WHAT IS BEING ASKED: Would you return the data exactly as given, except for its pictures?

STORED DATA:
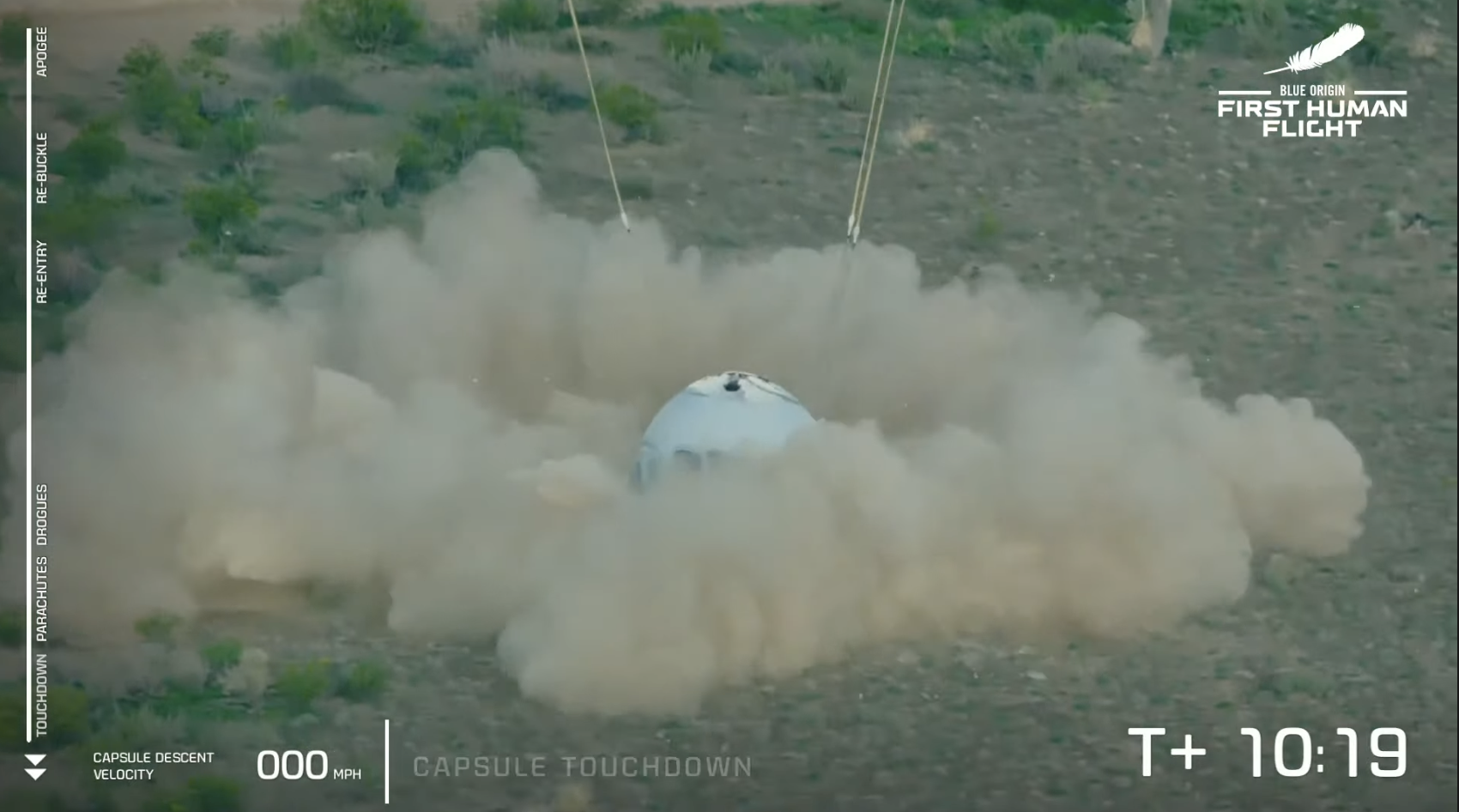 与奥利弗相同,贝索斯同样将太空旅行视作自五岁起的梦想,并将其形容为“意义重大的事”、“一次伟大的冒险”。当太空舱成功落地,贝索斯头戴牛仔帽稳步出舱,在欢呼声中与众人一一击掌。其他三位乘客也均成功落地,安全出舱。
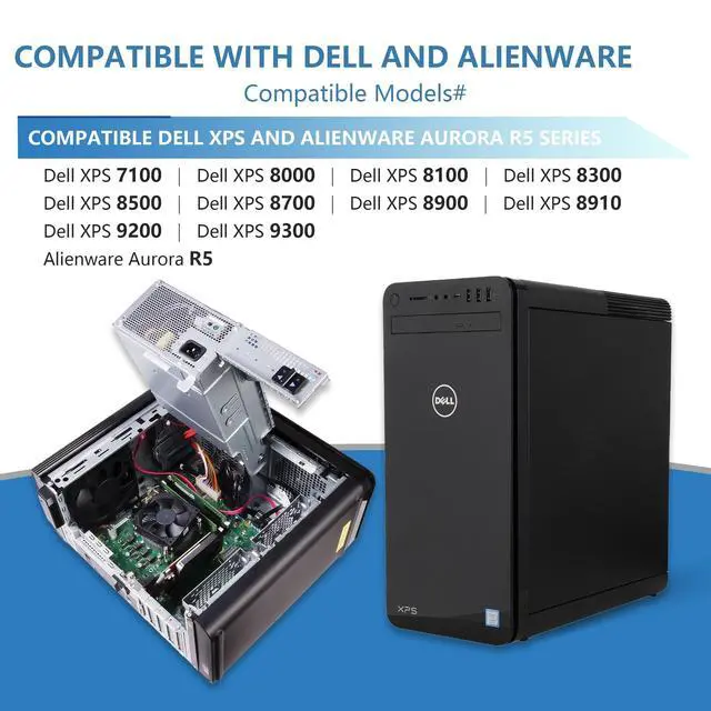 Compatible Models: HU460AM-01 460W power supply is compatible with Dell XPS series power supplies 8930, 8920, 8910, 8900, 8700, 8500, 8300, 8100, 8000, 7100, Alienware Aurora R5 power supplies.
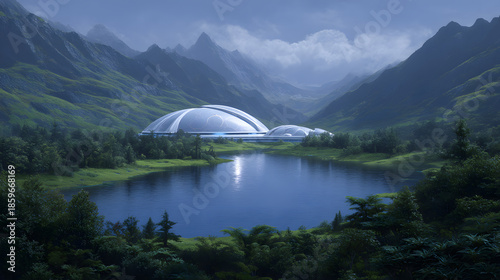 bergsee, mountain landscape, building, architecture, futuristic, modern, lake, landscape, mountain, scenery, nature, contemporary, design, structure, construction, exterior, innovative, urban, metropolitan, artistic, aesthetic, geometric, curve, dome, glasses, metal, engineering, landmark, detail, perspective, scenic, natural, environmental, water, elevation, surrounding

WRITTEN ANSWER:
 与奥利弗相同,贝索斯同样将太空旅行视作自五岁起的梦想,并将其形容为“意义重大的事”、“一次伟大的冒险”。当太空舱成功落地,贝索斯头戴牛仔帽稳步出舱,在欢呼声中与众人一一击掌。其他三位乘客也均成功落地,安全出舱。
 Compatible Models: HU460AM-01 460W power supply is compatible with Dell XPS series power supplies 8930, 8920, 8910, 8900, 8700, 8500, 8300, 8100, 8000, 7100, Alienware Aurora R5 power supplies.
 bergsee, mountain landscape, building, architecture, futuristic, modern, lake, landscape, mountain, scenery, nature, contemporary, design, structure, construction, exterior, innovative, urban, metropolitan, artistic, aesthetic, geometric, curve, dome, glasses, metal, engineering, landmark, detail, perspective, scenic, natural, environmental, water, elevation, surrounding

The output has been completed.